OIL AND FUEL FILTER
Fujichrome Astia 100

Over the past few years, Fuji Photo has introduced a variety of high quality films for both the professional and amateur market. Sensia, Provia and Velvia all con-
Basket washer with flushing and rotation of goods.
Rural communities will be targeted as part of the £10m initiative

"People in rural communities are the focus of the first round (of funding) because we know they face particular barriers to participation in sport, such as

* * * * * * * * *

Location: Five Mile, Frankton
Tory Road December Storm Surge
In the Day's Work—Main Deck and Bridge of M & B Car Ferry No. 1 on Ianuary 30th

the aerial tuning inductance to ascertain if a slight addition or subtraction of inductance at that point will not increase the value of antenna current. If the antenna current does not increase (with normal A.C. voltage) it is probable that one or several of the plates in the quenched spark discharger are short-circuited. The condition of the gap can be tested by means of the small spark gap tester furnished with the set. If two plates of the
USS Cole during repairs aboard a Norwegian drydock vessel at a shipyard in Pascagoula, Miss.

* * * * * * * * *

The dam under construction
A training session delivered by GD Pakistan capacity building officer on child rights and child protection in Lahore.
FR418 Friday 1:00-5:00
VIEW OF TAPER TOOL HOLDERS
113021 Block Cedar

* * * * * * * * *

▶ _Problem statement_:
Go through the material above and copy each line that has the word "communities".

▶ _Solved exercise_:
Rural communities will be targeted as part of the £10m initiative
"People in rural communities are the focus of the first round (of funding) because we know they face particular barriers to participation in sport, such as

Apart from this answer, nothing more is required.